● TASK DIRECTIONS: Write all of the entries out again exactly, but not the images.
*** Opening THE DATA ***
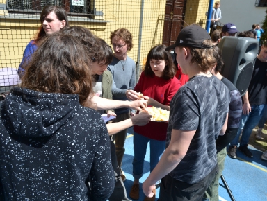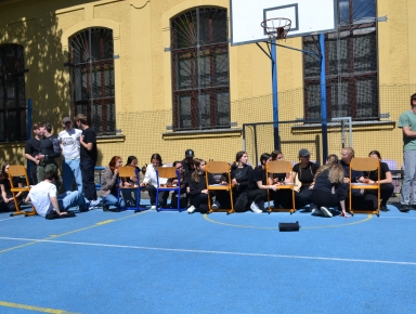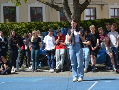 Pro mnohé z nás nadešel čas, kdy jsme se museli rozloučit s další generací maturantů tříd 4.A, 4.S a 8.E. Na řadu z nich jsme si zvykli, vždyť jsme se s nimi potkávali celá léta, diskutovali o četných tématech a zažili nemálo veselých chvil. Ale abychom na ně skutečně nezapomněli, tak si pro nás připravili v pátek 26. dubna 2024 pestrý program na dvoře školy. Zde se shromáždila celá škola a příjemně se bavila. Maturanti nám nabídli nejenom ochutnávku několika zábavných soutěží, ale i hry a kvízy z prostředí školy. Je skvělé, že se nám po letech podařilo vstoupit do období „Národního obrození na České“, neboť jsme se obešli bez nevhodné aplikace různých potravin a pokrmů (mouka, vejce, ocet, šlehačka, dorty) či vody aj.
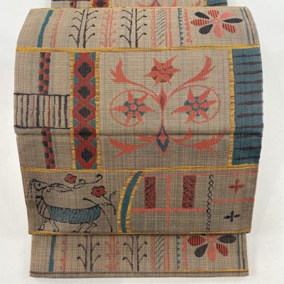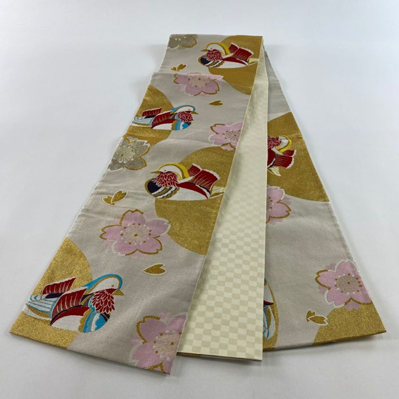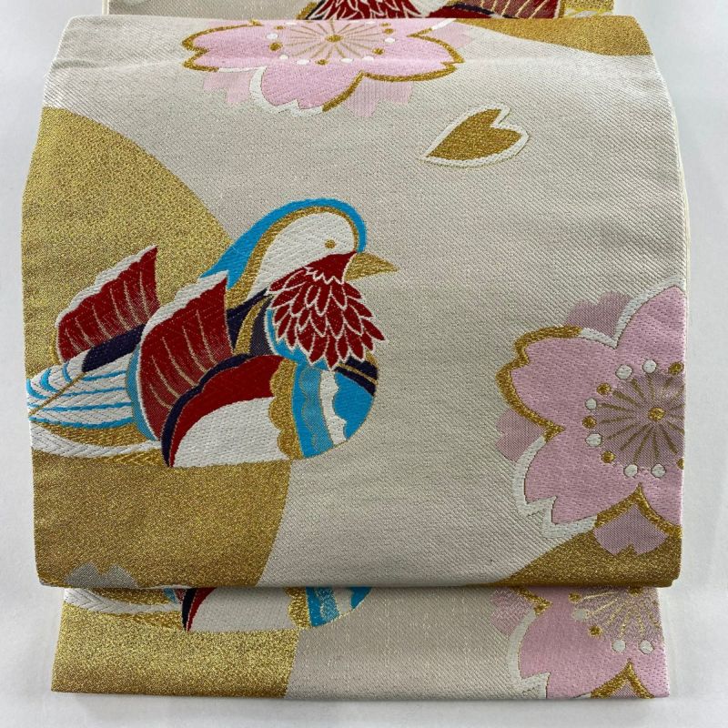 【袋帯】 白系 ベージュ 秀品 A 帯丈436cm以上 7990-9980 美品 二万以下
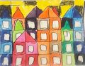Hi Ethan, I love your painting with all the colorful buildings! It looks like downtown Philadelphia with skyscrapers close together. It reminds me of a sunset with the yellow sky. So beautiful!
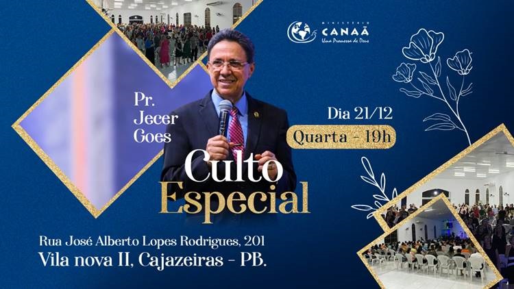 Na ocasião, estará presente e será o ministrante da noite, o pastor presidente do ministério, Jecer Goes. Ele é fundador e líder do Ministério Canaã.
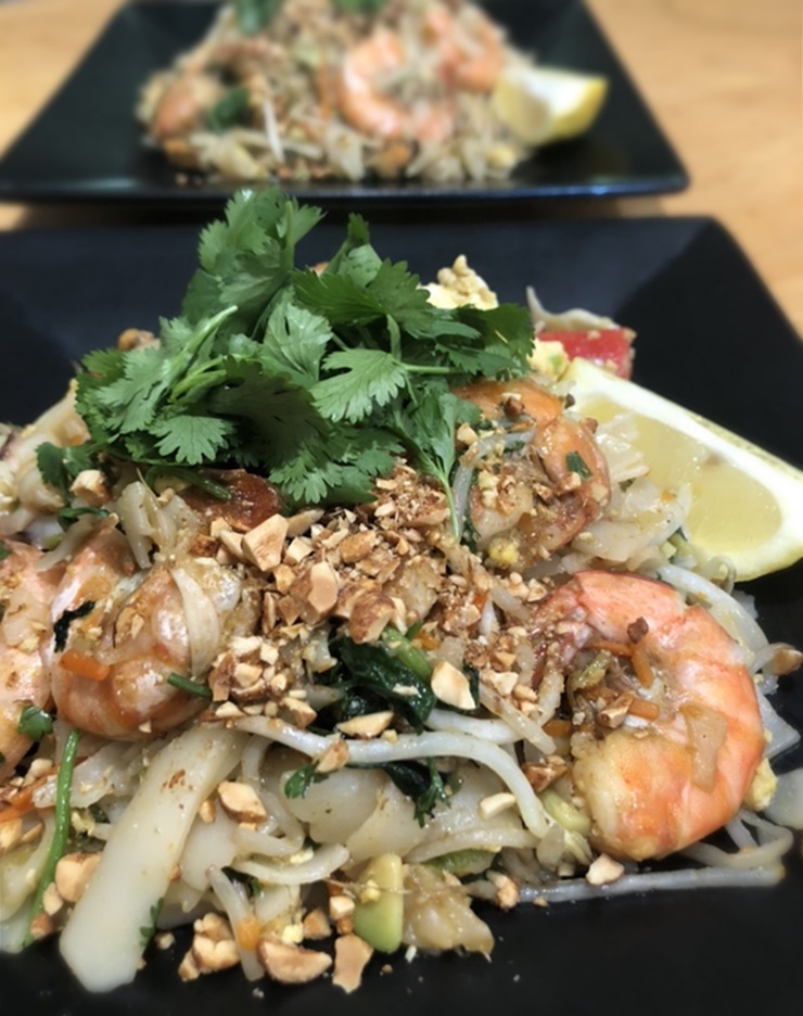 Transfiera el Pad Thai terminado a un plato para servir. Para un toque adicional de crocante y sabor a nuez, espolvoree con cacahuetes tostados triturados si lo desea.
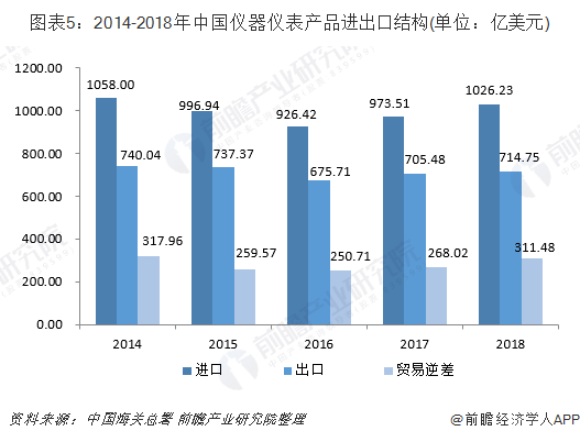 從下圖可以看出,我國儀器儀表產品長期處于進出口貿易逆差的狀態,2018年我國進口儀器儀表產品金額達到1026.23億美元,出口金額714.75億美元,貿易逆差繼續擴大至311.48億美元。
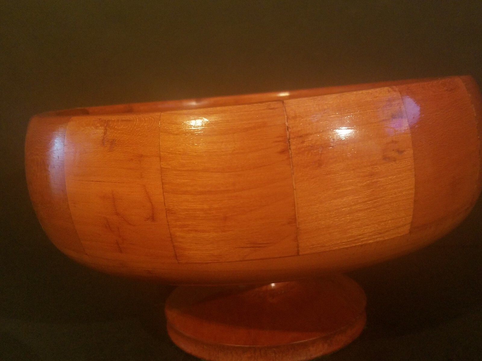 VTG Handcrafted Solid Wood 5-1/4 H 8-7/8 Dia Round Lathe Turned Pedestal Bowl
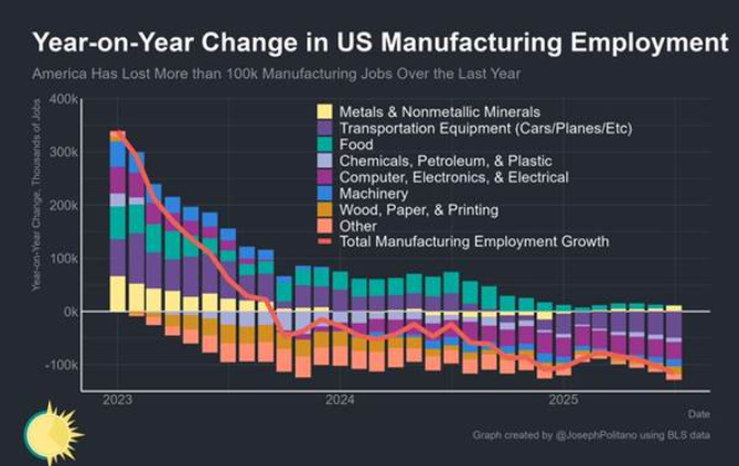 현실은 미국 경제가 한동안 둔화했고그에 따라 고용 증가세도 약화하고 있다는 점이다실제로 미국은 지난 1년간 제조업 일자리 11만 6천 개를 잃었고이는 초기 코로나 시기 이후 가장 빠른 속도의 일자리 감소이며, 2011년부터 2019년까지의 어떤 시기보다도 나쁜 수치다운송 산업에서 4만 9천 개전자 산업에서 3만 2천 개의 일자리가 줄어들면서 감소세를 주도했다.
*** Closing THE DATA ***
● PROBLEM SOLUTION:
 Pro mnohé z nás nadešel čas, kdy jsme se museli rozloučit s další generací maturantů tříd 4.A, 4.S a 8.E. Na řadu z nich jsme si zvykli, vždyť jsme se s nimi potkávali celá léta, diskutovali o četných tématech a zažili nemálo veselých chvil. Ale abychom na ně skutečně nezapomněli, tak si pro nás připravili v pátek 26. dubna 2024 pestrý program na dvoře školy. Zde se shromáždila celá škola a příjemně se bavila. Maturanti nám nabídli nejenom ochutnávku několika zábavných soutěží, ale i hry a kvízy z prostředí školy. Je skvělé, že se nám po letech podařilo vstoupit do období „Národního obrození na České“, neboť jsme se obešli bez nevhodné aplikace různých potravin a pokrmů (mouka, vejce, ocet, šlehačka, dorty) či vody aj.
 【袋帯】 白系 ベージュ 秀品 A 帯丈436cm以上 7990-9980 美品 二万以下
Hi Ethan, I love your painting with all the colorful buildings! It looks like downtown Philadelphia with skyscrapers close together. It reminds me of a sunset with the yellow sky. So beautiful!
 Na ocasião, estará presente e será o ministrante da noite, o pastor presidente do ministério, Jecer Goes. Ele é fundador e líder do Ministério Canaã.
 Transfiera el Pad Thai terminado a un plato para servir. Para un toque adicional de crocante y sabor a nuez, espolvoree con cacahuetes tostados triturados si lo desea.
 從下圖可以看出,我國儀器儀表產品長期處于進出口貿易逆差的狀態,2018年我國進口儀器儀表產品金額達到1026.23億美元,出口金額714.75億美元,貿易逆差繼續擴大至311.48億美元。
 VTG Handcrafted Solid Wood 5-1/4 H 8-7/8 Dia Round Lathe Turned Pedestal Bowl
 현실은 미국 경제가 한동안 둔화했고그에 따라 고용 증가세도 약화하고 있다는 점이다실제로 미국은 지난 1년간 제조업 일자리 11만 6천 개를 잃었고이는 초기 코로나 시기 이후 가장 빠른 속도의 일자리 감소이며, 2011년부터 2019년까지의 어떤 시기보다도 나쁜 수치다운송 산업에서 4만 9천 개전자 산업에서 3만 2천 개의 일자리가 줄어들면서 감소세를 주도했다.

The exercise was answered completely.